My thoughts are with you and Beanie. So sorry for your loss.


----------



## jmarksgirl

thanks you for your kind words. I miss my baby so much! I knew this day would come at some point, but it seems like it was way too soon. I wanted him to be with me forever. The only thing that is keeping me going is my husband and the 2 new little girl kittens that we just adopted Lulu and Lexie.


----------



## Victoriax

so sorry for your loss, what a beautiful regal lil man Beanie was & a beautiful sweet nature to match xxxx

my heart & thought's go out to his mummy & Daddy & lot's of love to Beanie may you run free at the bridge sweet baby boy xxxxxx


----------



## jmarksgirl

thank you for your thoughts. I'm having such a hard time realizing that he is gone. He was so special and its awful that my family and friends are acting like I should just get over it. He was so wild when we first got him, but then the last few years he really calmed down and turned into the biggest sweetheart ever. He wanted to be on my lap all of the time and he would stand on his hind legs and lift his paws up to me for me to pick him up. I miss his little grumbling too, he didn't really meow until the last few years of his life and most made little grumbling sounds like Marge Simpson.


----------



## Nan

I'm sorry for your loss! He sounds like he was a wonderful kitty.


----------



## jmarksgirl

Kathy,
I'm really sorry about Razzle. Losing our babies is the worst. I cry everyday for my sweet Beanie. Of course I loved my other cats that I had before him tremendously, but Beanie and I had a really special bond, he was unlike any other cat that I ever had before and the idea that he is gone is heartbreaking. I guess we just need to remember that our love with them never dies and even though they can't be here with us physically they are here with us in spirit.


----------



## orrymain

I'm so sorry for your loss of Beanie. I dread the day when I have to say goodbye to my baby Orry. He is so special to me. I hope you find comfort in your memories of Beanie. I will say a little prayer for you and Beanie.


----------



## spirite

I'm so sorry about Beanie. I hope it at least helps to be able to get some support here from people who understand that you never just "get over it." 

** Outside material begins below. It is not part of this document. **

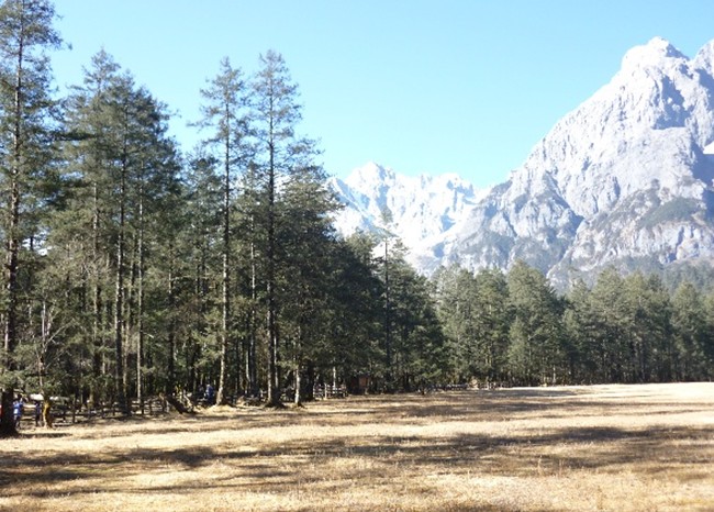 云杉坪,土语称“游午阁”即“情死之地”又名锦绣谷,海拔3240米,是一块隐藏在原始云杉林中的巨大草坪。位于玉龙雪山东麓的山箐里,在雪山主峰的右下方。

And my condolences for Razzle, too. 

Over time, hopefully you'll remember only the precious moments that you had together.


----------



## jmarksgirl

thank you so much for your support. Sunday was the 2 month mark and it is so awful, he was our first baby and only baby for my husband and I. We mostly work from home so it really hard. Except for one of 2 vacations we were with him 24/7 for 11 years. Beanie was my soul baby, he was just the most special , silly, crazy, sweet guy. We have 2 little girl black kittens now, I really wanted to pay it forward and help other kitties. They'll help us get through it and learn to love again. It still hard though, because now it makes it more real that he is gone.


----------